(Repeats the previous story for a wider readership without editing the text. The views expressed here are those of the author, columnist for Reuters.)
LAUNCESTON, Australia, Aug.5 (Reuters) – Another month, another weak result for crude oil in Asia, the world’s most consuming region, with July imports declining for a fourth out of five months as demand s’ weakens due to high prices and the ongoing coronavirus pandemic.
Asian imports for July were valued at 21.77 million bpd (bpd) by Refinitiv Oil Research, a 10-month low and down from 23.08 million bpd in June.
The weakness was led by China, the world’s largest importer, with July arrivals estimated at 9.21 million barrels per day, a seven-month low.
Kpler, who like Refinitiv estimates crude flows using vessel tracking and port data, was slightly more bullish on Chinese imports, putting July at 9.57 million bpd.
However, data from Kpler shows that Chinese imports for July were the lowest since February of last year.
China’s imports have been constrained by lower import quotas for independent refiners, but also by processors drawing on inventories accumulated last year when the price collapsed to a two-year low. decades amid the pandemic and a brief price war between major exporters from Saudi Arabia and Russia.

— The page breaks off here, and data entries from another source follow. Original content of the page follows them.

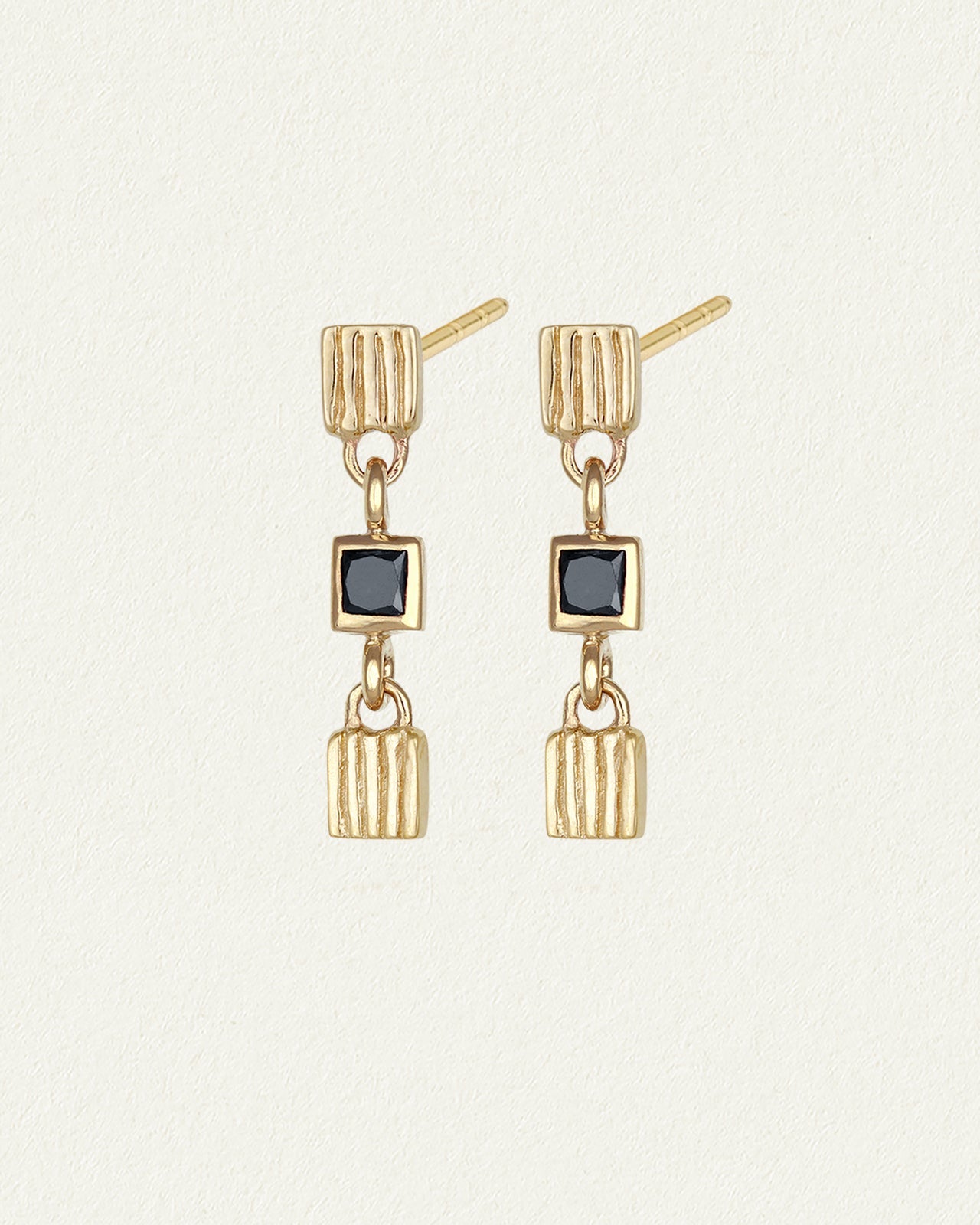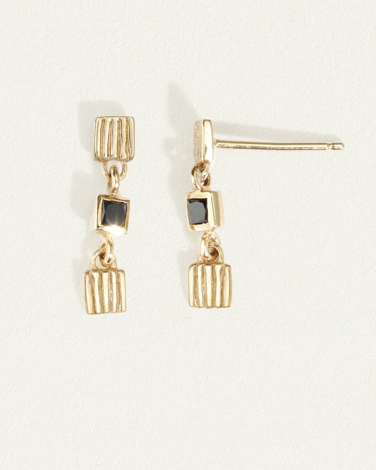The Dell Earrings in 9K Solid Gold with Black Diamonds are a delicate stud earring with hand-carved, textural detailing. Black Diamonds are thought to promote inner strength, bestowing balance and passion upon the wearer.
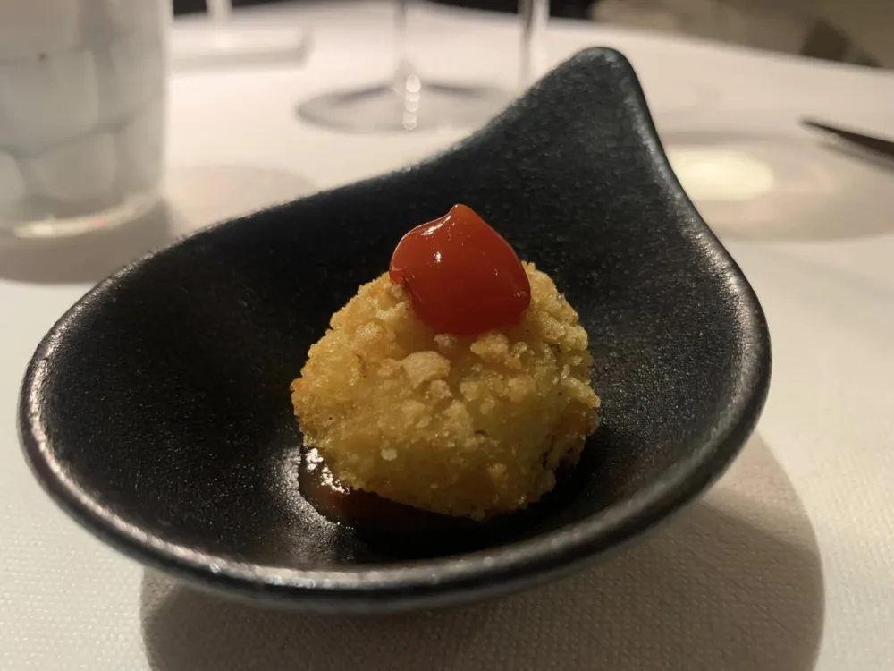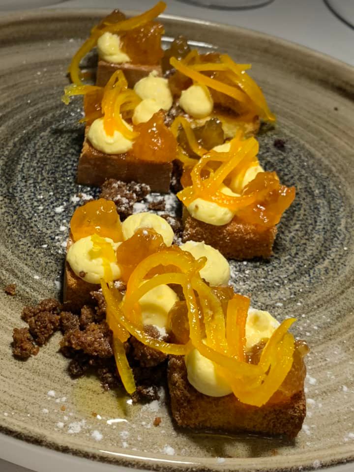 Le sue fusion equilibrate, come la ceviche con elementi campani, uniscono influenze sudamericane alla cucina italiana. Il baccalà si esalta con salsa alla papaccella e oliva disidratata.Molto buono anche il tubetto.
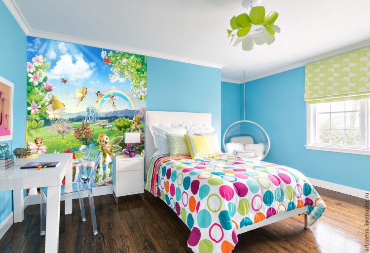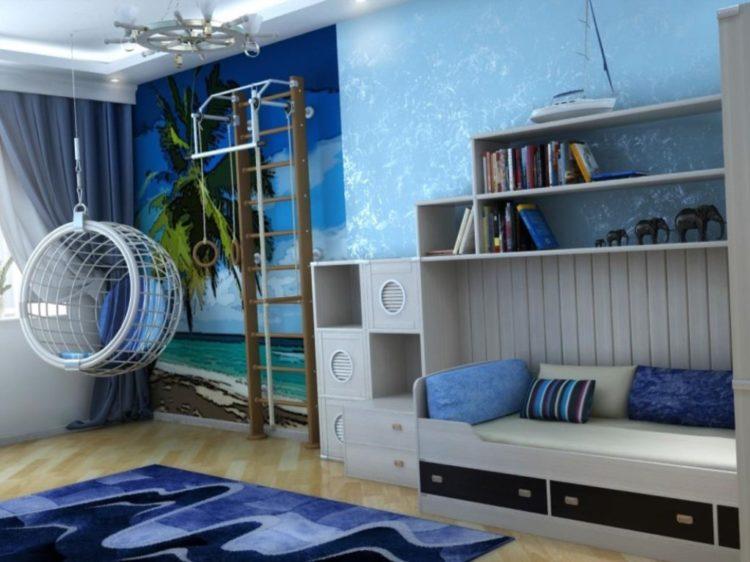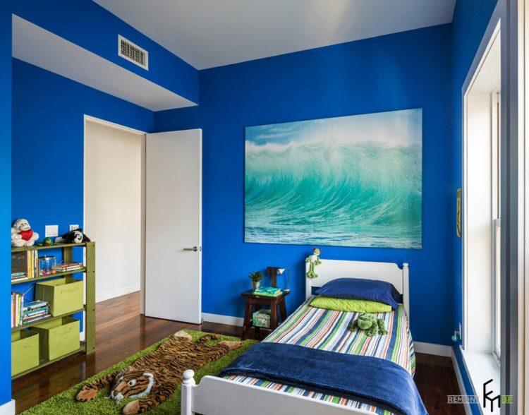 El color azul alivia el estrés.Una sala de estar completa no debe estar decorada en ese color: deprime el estado de ánimo y se hunde en la oscuridad. Un niño de cualquier edad no se sentirá cómodo en un espacio oscuro. Se recomienda resaltar detalles interiores individuales.
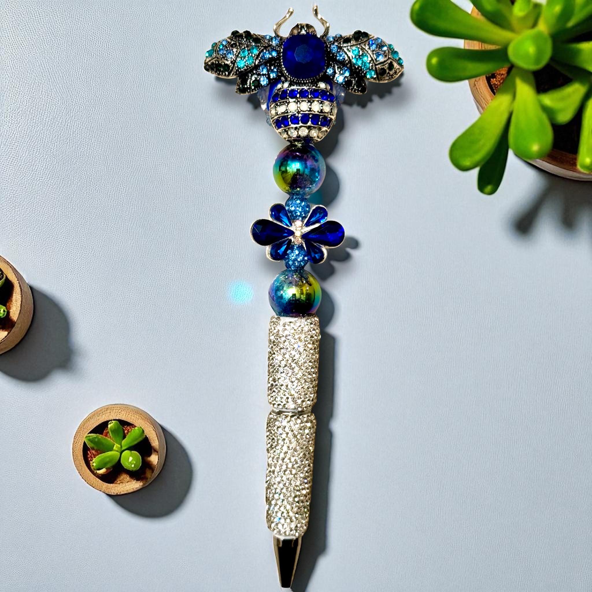 Step aside ordinary pens, the Blue Jeweled Bee Rhinestone Pen is here to buzz its way into your stationery collection! This isn't just a pen; it's a conversation starter, an envy-inducing masterpiece, and your new chief of doodling operations. Say goodbye to boring note-taking with this blue wonder inspired by the only insect that could rival Twitter in the buzz department—a bejeweled bee!

India, Asia’s second-largest importer, also experienced a weak result in July, with imports falling to 3.41 million barrels per day, which, according to Refinitiv data, is the second lowest since the start of assessments in 2015.
As the crude that arrived in July was bought, India was battling a new coronavirus outbreak, which, coupled with Brent crude futures enjoying strong gains, saw refiners cut back on buying.
Brent, the global benchmark futures contract, gained 50% between the end of last year and its peak so far this year at $ 77.84 per barrel on July 6.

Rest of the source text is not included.